Background. The study of NAFLD in humans has several limitations. Using murine models helps to understand disease pathogenesis.
Aim. Evaluate the impact of 4 different diets in the production of NAFLD with emphasis on a combined high-fat plus sustained high sucrose consumption.
Material and methods. Eight week-old male Wistar rats were divided in four groups and fed for 90 days with the following diets: 1) Control chow diet (C); 2) High-fat cholesterol diet (HFC) + 5% sucrose in drinking water. 3) High-fat cornstarch diet (HFCO) + 5% sucrose in drinking water. 4) Chow diet + 20% sucrose in drinking water (HSD). Metabolic changes, leptin levels, liver histology, hepatic and plasma lipid composition, fasting plasma glucose and insulin and liver gene expression of FAS, SREBP-1 and PPAR-α were evaluated.
Results.
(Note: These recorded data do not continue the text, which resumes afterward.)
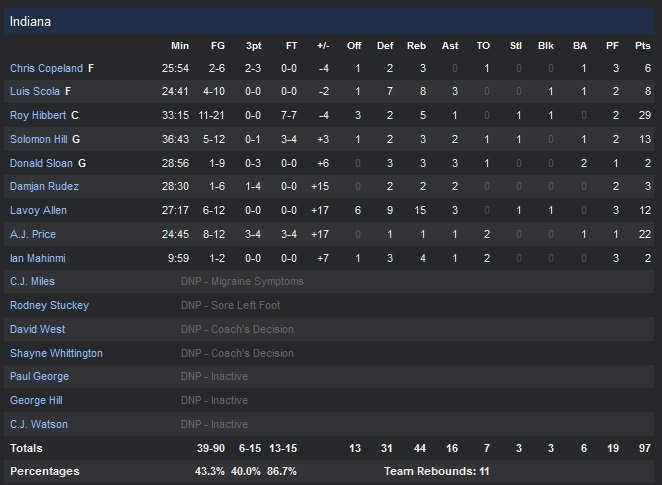 Indiana tient le choc grâce notamment aux 10 points de Price dans le quatrième quart, dont deux 3-points durant un 13-2 qui permet à Indiana de mener 87-79. Les Pacers (qui ne perdent que 7 ballons sur le match contre 11 pour leurs adversaires du jour) tiennent Hayward (de retour à la maison, l’ancien de Butler avait pris pas moins de 50 billets pour ses proches) à 4 points dans cette dernière période tout en la remportant 25 à 17. Après avoir subi 6 défaites d’affilée de 10 points, voilà un succès qui va faire du bien au moral du côté de l’Indiana. Rudy Gobert ne joue que 13 minutes pour 3 points (0/1, 3/4 aux lancers-francs) et 5 rebonds.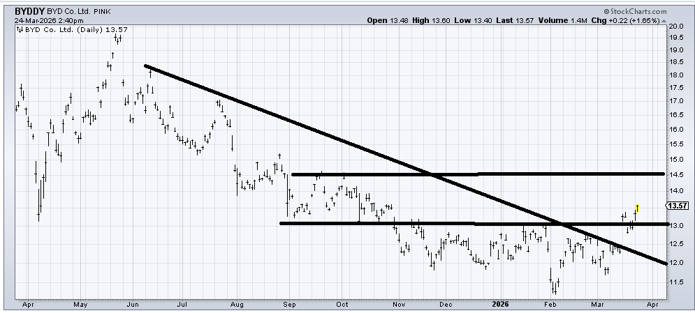 Boyd (BYDDY) is forming a base. Earnings are out later this week, so be careful. However, this is a base in the making and a pullback into that 12-12.50 area would be a positive and buyable.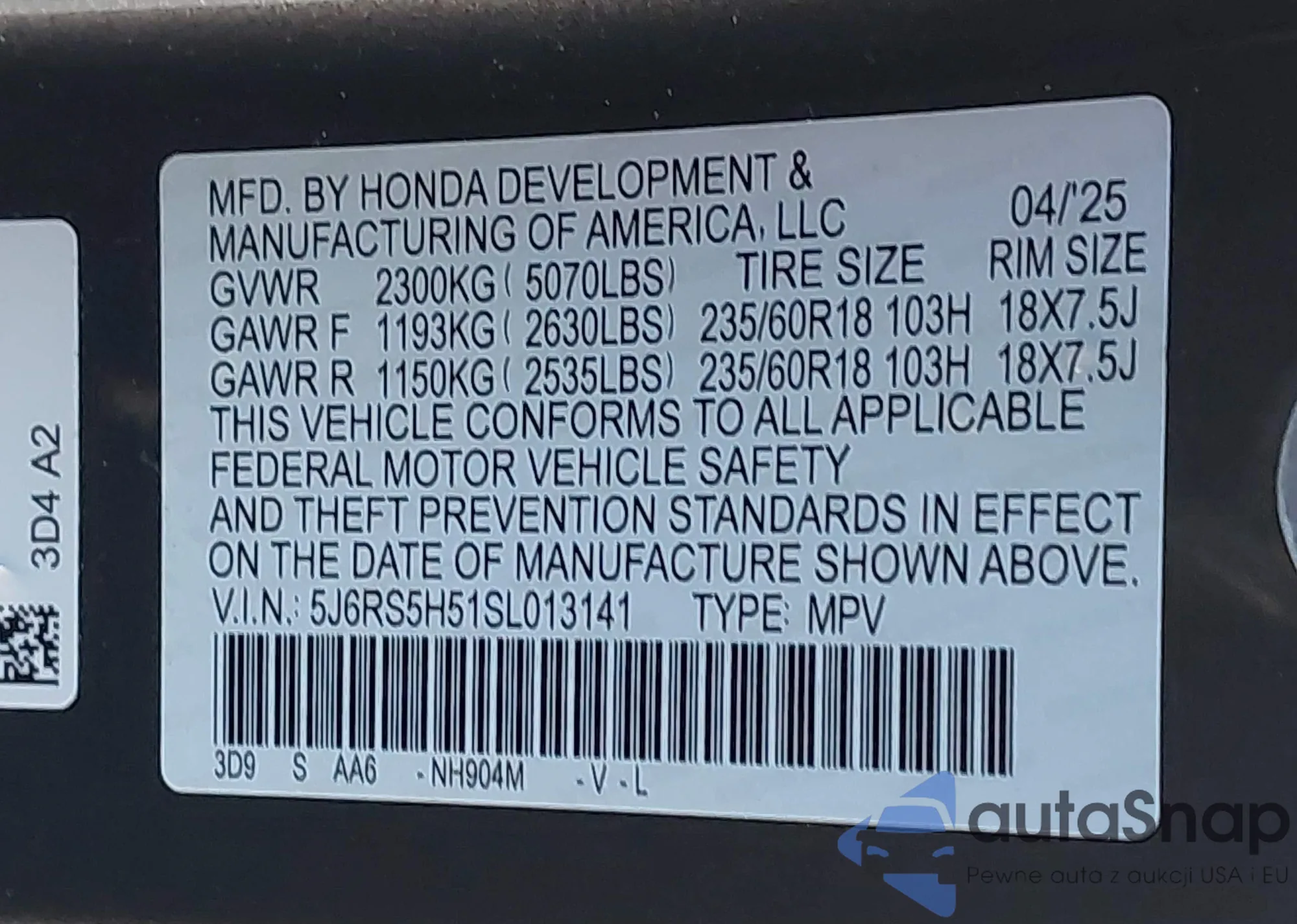• VIN 5J6RS5H51SL013141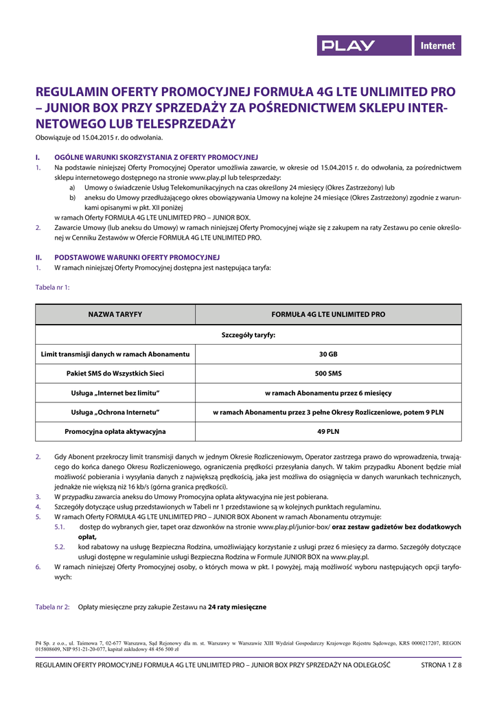 REGULAMIN OFERTY PROMOCYJNEJ FORMUŁA 4G LTE UNLIMITED PRO – JUNIOR BOX PRZY SPRZEDAŻY ZA POŚREDNICTWEM SKLEPU INTERNETOWEGO LUB TELESPRZEDAŻY Obowiązuje od 15.04.2015 r. do odwołania. I. OGÓLNE WARUNKI SKORZYSTANIA Z OFERTY PROMOCYJNEJ 1. Na podstawie niniejszej Oferty Promocyjnej Operator umożliwia zawarcie, w okresie od 15.04.2015 r. do odwołania, za pośrednictwem sklepu internetowego dostępnego na stronie www.play.pl lub telesprzedaży: a) Umowy o świadczenie Usług Telekomunikacyjnych na czas określony 24 miesięcy (Okres Zastrzeżony) lub b) aneksu do Umowy przedłużającego okres obowiązywania Umowy na kolejne 24 miesiące (Okres Zastrzeżony) zgodnie z warunkami opisanymi w pkt. XII poniżej w ramach Oferty FORMUŁA 4G LTE UNLIMITED PRO – JUNIOR BOX. Zawarcie Umowy (lub aneksu do Umowy) w ramach niniejszej Oferty Promocyjnej wiąże się z zakupem na raty Zestawu po cenie określonej w Cenniku Zestawów w Ofercie FORMUŁA 4G LTE UNLIMITED PRO. 2. II. PODSTAWOWE WARUNKI OFERTY PROMOCYJNEJ 1. W ramach niniejszej Oferty Promocyjnej dostępna jest następująca taryfa: Tabela nr 1: NAZWA TARYFY FORMUŁA 4G LTE UNLIMITED PRO Szczegóły taryfy: 2. 3. 4. 5. 6. Limit transmisji danych w ramach Abonamentu 30 GB Pakiet SMS do Wszystkich Sieci 500 SMS Usługa „Internet bez limitu” w ramach Abonamentu przez 6 miesięcy Usługa „Ochrona Internetu” w ramach Abonamentu przez 3 pełne Okresy Rozliczeniowe, potem 9 PLN Promocyjna opłata aktywacyjna 49 PLN Gdy Abonent przekroczy limit transmisji danych w jednym Okresie Rozliczeniowym, Operator zastrzega prawo do wprowadzenia, trwającego do końca danego Okresu Rozliczeniowego, ograniczenia prędkości przesyłania danych. W takim przypadku Abonent będzie miał możliwość pobierania i wysyłania danych z największą prędkością, jaka jest możliwa do osiągnięcia w danych warunkach technicznych, jednakże nie większą niż 16 kb/s (górna granica prędkości). W przypadku zawarcia aneksu do Umowy Promocyjna opłata aktywacyjna nie jest pobierana. Szczegóły dotyczące usług przedstawionych w Tabeli nr 1 przedstawione są w kolejnych punktach regulaminu. W ramach Oferty FORMUŁA 4G LTE UNLIMITED PRO – JUNIOR BOX Abonent w ramach Abonamentu otrzymuje: 5.1. dostęp do wybranych gier, tapet oraz dzwonków na stronie www.play.pl/junior-box/ oraz zestaw gadżetów bez dodatkowych opłat, 5.2. kod rabatowy na usługę Bezpieczna Rodzina, umożliwiający korzystanie z usługi przez 6 miesięcy za darmo. Szczegóły dotyczące usługi dostępne w regulaminie usługi Bezpieczna Rodzina w Formule JUNIOR BOX na www.play.pl. W ramach niniejszej Oferty Promocyjnej osoby, o których mowa w pkt. I powyżej, mają możliwość wyboru następujących opcji taryfowych: Tabela nr 2: Opłaty miesięczne przy zakupie Zestawu na 24 raty miesięczne P4 Sp. z o.o., ul. Taśmowa 7, 02-677 Warszawa, Sąd Rejonowy dla m. st. Warszawy w Warszawie XIII Wydział Gospodarczy Krajowego Rejestru Sądowego, KRS 0000217207, REGON 015808609, NIP 951-21-20-077, kapitał zakładowy 48 456 500 zł REGULAMIN OFERTY PROMOCYJNEJ FORMUŁA 4G LTE UNLIMITED PRO – JUNIOR BOX PRZY SPRZEDAŻY NA ODLEGŁOŚĆ STRONA 1 Z 8 WYSOKOŚĆ OPŁAT W TRAKCIE OKRESU ZASTRZEŻONEGO Z EFAKTURĄ (PRZY TERMINOWYCH PŁATNOŚCIACH) I ZGODAMI MARKETINGOWYMI WYSOKOŚĆ OPŁAT W TRAKCIE OKRESU ZASTRZEŻONEGO Z EFAKTURĄ (PRZY TERMINOWYCH PŁATNOŚCIACH) ALBO ZGODAMI MARKETINGOWYMI WYSOKOŚĆ OPŁAT W TRAKCIE OKRESU ZASTRZEŻONEGO BEZ E-FAKTURY I BEZ ZGÓD MARKETINGOWYCH FORMUŁA 4G LTE UNLIMITED PRO – JUNIOR BOX 59,99 5 ZŁ MNIEJ Opłata miesięczna, w tym: wysokość Abonamentu wysokość miesięcznej raty za urządzenie 59,99 PLN 65,98 PLN 71,97 PLN 29,99 PLN 35,98 PLN 41,97 PLN 30,00 PLN 30,00 PLN 30,00 PLN FORMUŁA 4G LTE UNLIMITED PRO – JUNIOR BOX 69,99 5 ZŁ MNIEJ Opłata miesięczna, w tym: wysokość Abonamentu wysokość miesięcznej raty za urządzenie 69,99 PLN 75,98 PLN 81,97 PLN 29,99 PLN 35,98 PLN 41,97 PLN 40,00 PLN 40,00 PLN 40,00 PLN FORMUŁA 4G LTE UNLIMITED PRO – JUNIOR BOX 69,99 Opłata miesięczna, w tym: wysokość Abonamentu wysokość miesięcznej raty za urządzenie 69,99 PLN 75,98 PLN 81,97 PLN 34,99 PLN 40,98 PLN 46,97 PLN 35,00 PLN 35,00 PLN 35,00 PLN FORMUŁA 4G LTE UNLIMITED PRO – JUNIOR BOX 79,99 Opłata miesięczna, w tym: wysokość Abonamentu wysokość miesięcznej raty za urządzenie 79,99 PLN 85,98 PLN 91,97 PLN 34,99 PLN 40,98 PLN 46,97 PLN 45,00 PLN 45,00 PLN 45,00 PLN FORMUŁA 4G LTE UNLIMITED PRO – JUNIOR BOX 99,99 Opłata miesięczna, w tym: wysokość Abonamentu wysokość miesięcznej raty za urządzenie 99,99 PLN 105,98 PLN 111,97 34,99 PLN 40,98 PLN 46,97 PLN 65,00 PLN 65,00 PLN 65,00 PLN FORMUŁA 4G LTE UNLIMITED PRO – JUNIOR BOX 109,99 Opłata miesięczna, w tym: wysokość Abonamentu wysokość miesięcznej raty za urządzenie 109,99 PLN 115,98 PLN 121,97 PLN 34,99 PLN 40,98 PLN 46,97 PLN 75,00 PLN 75,00 PLN 75,00 PLN FORMUŁA 4G LTE UNLIMITED PRO – JUNIOR BOX 119,99 Opłata miesięczna, w tym: 119,99 PLN 125,98 PLN 131,97 PLN P4 Sp. z o.o., ul. Taśmowa 7, 02-677 Warszawa, Sąd Rejonowy dla m. st. Warszawy w Warszawie XIII Wydział Gospodarczy Krajowego Rejestru Sądowego, KRS 0000217207, REGON 015808609, NIP 951-21-20-077, kapitał zakładowy 48 456 500 zł REGULAMIN OFERTY PROMOCYJNEJ FORMUŁA 4G LTE UNLIMITED PRO – JUNIOR BOX PRZY SPRZEDAŻY NA ODLEGŁOŚĆ STRONA 2 Z 8 wysokość Abonamentu wysokość miesięcznej raty za urządzenie WYSOKOŚĆ OPŁAT W TRAKCIE OKRESU ZASTRZEŻONEGO Z EFAKTURĄ (PRZY TERMINOWYCH PŁATNOŚCIACH) I ZGODAMI MARKETINGOWYMI WYSOKOŚĆ OPŁAT W TRAKCIE OKRESU ZASTRZEŻONEGO Z EFAKTURĄ (PRZY TERMINOWYCH PŁATNOŚCIACH) ALBO ZGODAMI MARKETINGOWYMI WYSOKOŚĆ OPŁAT W TRAKCIE OKRESU ZASTRZEŻONEGO BEZ E-FAKTURY I BEZ ZGÓD MARKETINGOWYCH 34,99 PLN 40,98 PLN 46,97 PLN 85,00 PLN 85,00 PLN 85,00 PLN FORMUŁA 4G LTE UNLIMITED PRO – JUNIOR BOX 129,99 Opłata miesięczna, w tym: wyso

The HFC diet had the highest grade of steatosis (grade 2 of 3) and HSD showed also steatosis (grade 1). Liver weight TG and cholesterol concentrations in liver were greater in the HFC diet. There were no increased levels of iron in the liver. Rats in HFC gained significantly more weight (P < 0.001). All experimental groups showed fasting hyperglycemia. HFC had the highest glucose level (158.5 ± 7 mg/dL) (P < 0.005). The HSD and the HFCO diets developed also hyperglycemia. HSD had significantly higher fasting hyperinsulinemia. Serum leptin was higher in the HFC diet (p = 0.001). In conclusion, the HFC diet with combination of high fat and high sucrose is more effective in producing NAFLD compared with a high sucrose diet only.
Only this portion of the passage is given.